━━ MATERIAL PROVIDED ━━

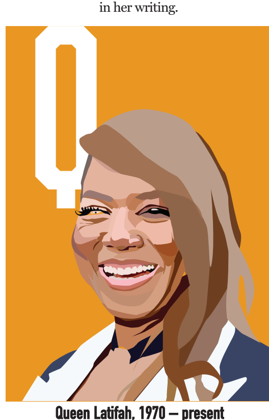
In 1989, Queen Latifah released one of the first feminist hip-hop albums at that time. In a male-dominated genre, she's carved out a feminist niche.
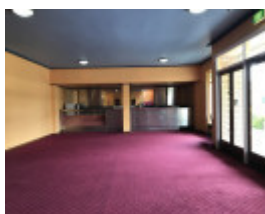
Memorial Hall Koroit Candy Bar.JPG
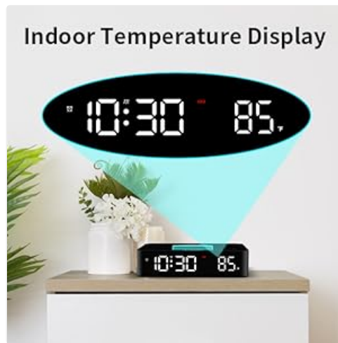
Image: Clock display showing time and temperature, highlighting brightness adjustment.
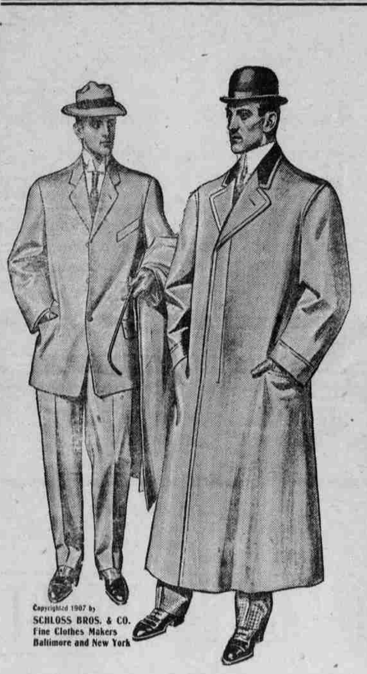
Copyright 1907 by SCHLOSS BROS. & CO. Fine Clothes Makers Baltimore and New York

$20,000 Worth of the highest grade Clothing, Hats, Shoes and Furnishing Goods thrown on the altar of sacrifice at prices that set the purses of the most skeptic in action. The prices tell the story of the great need of cash. The bargains bells of opportunity are ringing loud and clear, and this is your chance to purchase Holiday Goods at a big saving. Read a few of the hundreds of good things in store for you at this fine store.

━━━

YOUR TASK
Return the lines from the one containing "Image: Clock display" through the last line of the records, both included, exactly as written and with no pictures.

FINISHED TASK
Image: Clock display showing time and temperature, highlighting brightness adjustment.
Copyright 1907 by SCHLOSS BROS. & CO. Fine Clothes Makers Baltimore and New York

$20,000 Worth of the highest grade Clothing, Hats, Shoes and Furnishing Goods thrown on the altar of sacrifice at prices that set the purses of the most skeptic in action. The prices tell the story of the great need of cash. The bargains bells of opportunity are ringing loud and clear, and this is your chance to purchase Holiday Goods at a big saving. Read a few of the hundreds of good things in store for you at this fine store.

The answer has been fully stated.